Didn't The Prisoner say in "Once Upon A Time" that he was "very good at sums"?

>> No.110604  

so in the same sense, would 2.999... = 3?

>> No.110605  

>>110604

Yes, and 0.77(9) = 0.78, or 4.(9) = 5.

In general, any number that can be written with a finite number of digits can also be written as a non-terminating decimal ending in repeating 9s.

>> No.110628  

>>110605
Pie arguement still stands, the arguement against it is the equivilant of "No cuz my god says dat isnt truez!!!11!!1

>> No.110629  

>>110628
Actually it doesn't.

Seems our mod is stronger than your god.

>> No.110630  

>>110629
my god? lol wut?

>> No.110830  

Does this mean that 1/2*1/2*1/2... = 0? I'm not trolling...

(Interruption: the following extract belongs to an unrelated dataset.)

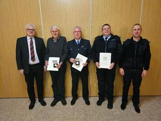 von links: Erster Stadtrat Armin Becker, Werner Lauer (Goldene Ehrenplakette), Frank Naumann-Prinz (Goldene Ehrenplakette), Jens Meier (Beförderung zum Löschmeister), Carsten Müller (stellv. SBI).
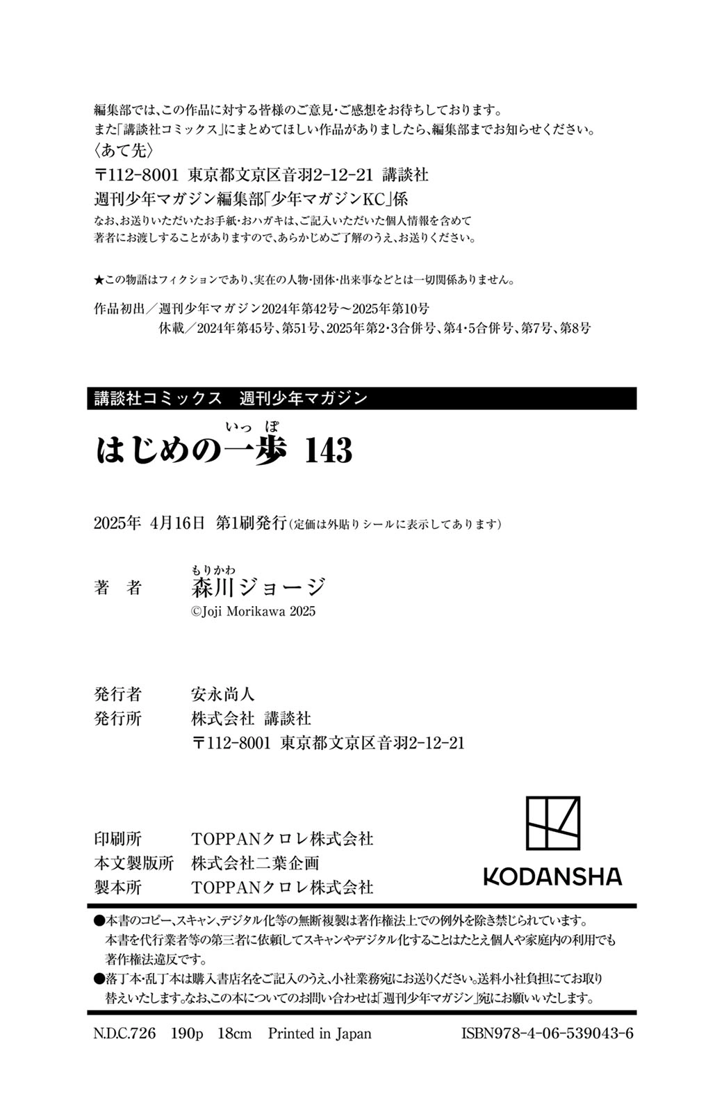 はじめの一歩 143巻

... also, that's a great parody. Azuma's comedic setups are so complex and fluid, yet his jokes are so simple... but very outside-the-box, as to where they have about the same effect that your parody has (though I found your parody funnier... it's hard to appeal to such a small audience). Reindeer not existing because they're most often thought of being related to Santa Clause (who is dead)... brilliant.

>> No.110833  

>>110830

Yes, lim( (1/2)^x ) as x -> infinity is equal to 0.